Suddenly, aged 68, Terrence Malick is producing work at an exponential rate. With three other projects at varying stages of development, he brings "To the Wonder" to the festival circuit, and, surprise. It isn't very good.

Also Check Out: Stars Take the Red Carpet at the 2012 Toronto Film Festival

Some may argue that Malick's singular style protects him from charges like "good movie" or "bad movie." It is art! I agree with that, but only to a point. Know this: I've seen every Malick film in a theater (the early ones at museums/rep houses) and I've never once before checked my watch. Scratch that — I did check my watch, in the hopes that it would show plenty of time left for the magic to continue. For "To the Wonder," this was not the case.

Underneath it all, "To the Wonder" is a treatise on the transience of love and, God knows, a filmmaker like Malick is absolutely up to the task of making it work. Sadly, what's up there on the screen is just so opaque that one is forced to simply react to its surface. And the surface is fundamentally dull.

I suppose we're to take Ben Affleck as the film's protagonist, though an argument can be made that it is Olga Kurylenko, or, perhaps, that there is no protagonist. Either way, the film begins with Affleck and Kurylenko having a gay old time in France, twirling through the Tuileries Gardens or sloshing through the clay at Mont Saint-Michel. Kurylenko has a ten-year-old daughter and, with a snap, they both come to America with Affleck.

Affleck lives in a community of new, perennially empty homes chomping up and fencing in the wild grass splendor of the American plains. There are some older buildings in town, but by and large, this is a world of empty cream walls and static-charging carpeting.

We get it: it ain't Europe. Soon, the relationship fizzles, but don't look for anything explicit to tell you why. At first, Kurylenko is happily twirling on the lawn and making dinner, but then she's frowning and pouting. (She's still twirling. Lots of twirling in "To the Wonder." In fact, "To the Wonder" has more per capita twirling than any movie ever made.)

The mystery of love's shelf life is meant to be universal, but there are plenty of people who manage to be happy no matter where they are. It's not like Affleck is suddenly less affectionate as the film marches on. He's an emotionless loaf of bread from beginning to end. There's a middle section where Kurylenko goes back to France, and Rachel McAdams shows up to twirl for a while. It's nice, because while Kurylenko is beautiful, it's fun to see a blonde twirl, too.

Okay, I'm being glib, but you'll have to forgive me. You don't know what I've been through. I'd smack anyone in the face with my copy of Paul Schrader's "Transcendental Style in Film" if they talked this way about Malick's other films, but those movies have the goods. "To the Wonder" is distinctly lacking in oomph and, without an emotional connection, without anything interesting happening on the screen, the beauty can only take you so far before the endeavor falls like a house of cards.

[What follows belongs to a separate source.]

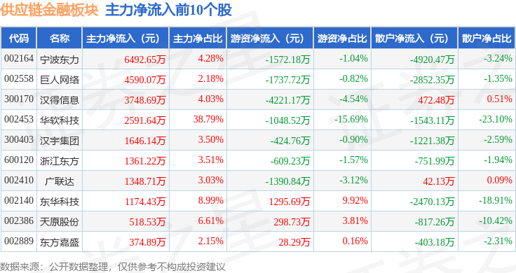 从资金流向上来看,当日供应链金融板块主力资金净流出5.86亿元,游资资金净流入5752.25万元,散户资金净流入5.28亿元。供应链金融板块个股资金流向见下表: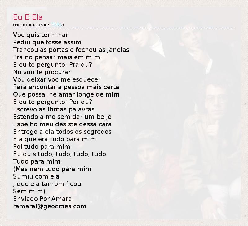 Voc quis terminar Pediu que fosse assim Trancou as portas e fechou as janelas Pra no pensar mais em mim E eu te pergunto: Pra qu? No vou te procurar Vou deixar voc me esquecer Para encontar a pessoa mais certa Que possa lhe amar longe de mim E eu te pergunto: Por qu? Escrevo as ltimas palavras Estendo a mo sem dar um beijo Espelho meu desiste dessa cara Entrego a ela todos os segredos Ela que era tudo para mim Foi tudo para mim Eu quis tudo, tudo, tudo, tudo Tudo para mim (Mas nem tudo para mim Sumiu com ela J que ela tambm ficou Sem mim) Enviado Por Amaral ramaral@geocities.com

I conclude with the unenviable task of giving "To the Wonder" a letter grade. I wish I could give it a "Q," because this movie exists far outside of the normal parameters of critique [ed. note: This review was written before Film.com switched to a numerical rating system]. It is so, so gorgeous, and there are instances that soar (and not solely Bardem's), but it doesn't add up. I'm certainly glad I saw the film, and I recommend it for fans or for anyone who'll get a buzz out of hearing a line like, "What is this love that loves us" spoken in French. If you aren't in that group, well, you have been warned.